In addition to comparing the timing of the category effect between experiments, we examined whether subjects who were faster in categorizing the stimuli during the pretask categorization trials demonstrated an earlier category effect in the main task. Categorization RTs did not predict the overall size of the category effect, r = −.05, but did predict the category effect for simultaneous judgments, r = −.755, p < .001. The most parsimonious account of these results is that faster categorization induces an earlier, but not necessarily larger, category effect.

To summarize, a brief “training” session in which participants categorized (already highly overlearned) letter stimuli caused category knowledge to affect simple same/different judgments more quickly, such that the effect was observed even at SOAs of 0. Moreover, the fastest categorizers were the most likely to show a reliable category effect at an SOA of 0. Category training also led to reduced accuracy on within-category trials relative to between-category trials.

Rather than changing the overall magnitude of the category effect, classification training appeared to shift the category effect earlier in time. Although a decision-level account also predicts that classification training would produce a more robust category effect (insofar as the decision based on category identity would compete more effectively with a decision based on physical identity), a decision-level account does not predict that categorization would shift the onset and offset of the effect, because, as mentioned earlier, category-level competition cannot begin until both stimuli are visible.

Experiment 4

The purpose of Experiment 4 was to generalize the conceptual-penetration effect to a richer set of stimuli. These richer stimuli allowed us to introduce greater perceptual variability and examine effects of stimulus typicality. Insofar as more typical stimuli are categorized more quickly and more reliably, processing a typical stimulus should lead to a stronger category effect than processing an atypical stimulus.

Method

Twenty-one subjects participated in Experiment 4 for course credit. One was excluded because of a high error rate (2.77 SD above the mean). The design was identical to that of Experiment 1 except that the letters were replaced by richer stimuli: silhouettes of cats and dogs (Quinn, Eimas, & Tarr, 2001; see Fig. 5). These images have the advantage of being meaningful and easily classified and of forcing participants to rely on global shape information rather than local image properties. To further increase variability, we manipulated the orientation of the silhouettes from trial to trial, although on any given trial, both animals faced to the right or to the left. Each participant completed 408 trials. All stimulus pairs were balanced in a 2 (same vs. different) × 2 (within vs. between category) × 2 (simultaneous vs. sequential) design. A separate group of 6 participants performed 144 trials of speeded classification (analogous to the first part of Experiment 3). These data were used to classify the stimuli into typical and atypical exemplars, in order to predict the size of the category effect for different combinations of stimuli.

Fig. 5.

Fig. 5

The stimuli used in Experiment 4 and the mean time to classify each as a “cat” or a “dog.” C1 and D1 served as “typical” stimuli. C3 and D3 served as “atypical” stimuli.

Results and discussion

Errors were rare (< 5%). Trials responded to incorrectly were excluded from analysis, as were trials with RTs shorter than 200 ms or longer than 1,500 ms (3.9%). RTs were faster for same trials (M = 727 ms) than for different trials (M = 763 ms), F(1, 19) = 11.27, p = .003. For the different trials, participants were always slower to respond to cata-catb trials (M = 814 ms) than to cat-dog trials (M = 747 ms), F(1, 19) = 61.36, p < .0005. This difference remained relatively constant for all SOAs, which suggests that the cats were more physically similar to each other than to dogs (i.e., conceptual similarity was confounded with physical similarity).

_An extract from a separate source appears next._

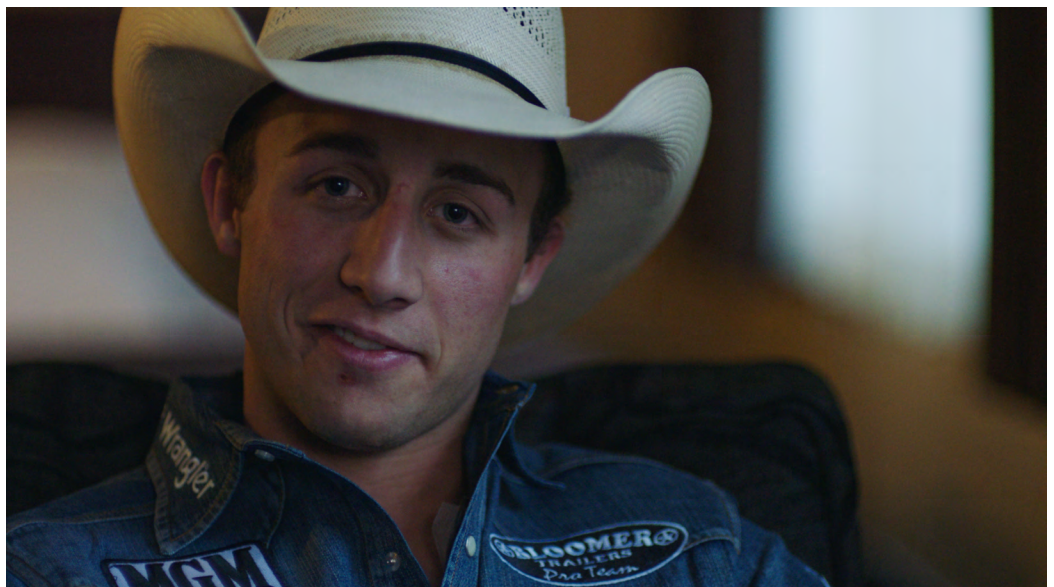
Episode Two tackles the Calgary Rodeo, where the last vestiges of the Old West fight to survive in a rapidly changing world.

RI: You've talked about how sports—not just the major professional sports on television—but that local sports in schools really bring us. Having played high school and college sports myself and then covering local sports for a daily newspaper, I also saw a great number of negatives with

In contrast, the physical similarity between two dogs was not greater than the physical similarity between cats and dogs. Participants were as fast to respond “different” on doga-dogb trials as on dog-cat trials, but only when the two pictures appeared simultaneously (Fig. 6). When stimuli were presented sequentially, RTs for between-category trials became faster than RTs for within-category trials, resulting in a significant Category Type × SOA interaction, as in Experiment 1, F(1, 19) = 6.59, p = .019. Planned comparisons did not reveal a significant category effect for simultaneous trials, F < 1, and revealed a marginal effect for sequential trials, F(1, 19) = 3.95, p = .061. As is evident in Figure 6, the effect was largest for the 300-ms SOA (Mwithin-category = 745 ms, Mbetween-category = 695 ms), at which point the difference was significantly different from 0, F(1, 19) = 4.70, p = .043. As in Experiment 3, the effect declined for longer SOAs.

Fig. 6.

Fig. 6

Mean reaction times on different trials in Experiment 4 as a function of stimulus onset asynchrony (SOA), separately for within-category (cata-catb, doga-dogb) and between-category (cat-dog) trials. Error bars represent ±1 SE of the mean difference score for a given SOA.

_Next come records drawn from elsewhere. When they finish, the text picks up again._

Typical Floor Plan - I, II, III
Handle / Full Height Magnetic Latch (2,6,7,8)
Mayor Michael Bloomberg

The larger diversity of stimuli in this experiment allowed us to examine effects of category strength more directly than in the previous experiments. A more rapidly categorized stimulus is predicted to influence subsequent perceptual processing more than a more slowly categorized stimulus. Therefore, we predicted that seeing a more typical category member as the first stimulus in a sequential trial would produce a greater category effect than seeing a less typical stimulus first. To test this prediction, we used the classification RTs from the 6 additional subjects to select the cats and dogs with the fastest (Fig. 5: C1, D1) and slowest (Fig. 5: C3, D3) classification RTs. We then contrasted two types of within-category different trials: typical → atypical trials (C1 → C3 or D1 → D3) and atypical → typical trials (C3 → C1 or D3 → D1). As predicted, typical → atypical trials yielded significantly longer RTs (M = 797 ms) than atypical → typical trials (M = 711 ms), F(1, 19) = 10.49, p = .004. Recall that the stimuli being judged in the two cases were exactly the same.

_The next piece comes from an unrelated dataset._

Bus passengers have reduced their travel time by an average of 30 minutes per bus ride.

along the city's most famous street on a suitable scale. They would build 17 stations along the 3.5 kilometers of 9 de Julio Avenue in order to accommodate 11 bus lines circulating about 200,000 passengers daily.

Finally, we examined typicality effects as a function of presentation time. Order of presentation is undefined for simultaneous trials, but we could compare the size of the category effect for simultaneous trials and sequential trials, the latter being divided into those that presented a typical cat or dog as the first stimulus (typical first) and those that did not (atypical first). There was a significant Typicality Condition × Category Type interaction: The category effect was larger for the typical-first than for the atypical-first trials, F(1, 19) = 5.29, p = .03. Moreover, the category effect increased from simultaneous to sequential trials for the typical-first trials, t(19) = 2.94, p = .008, but not the atypical-first trials, t(19) < 1.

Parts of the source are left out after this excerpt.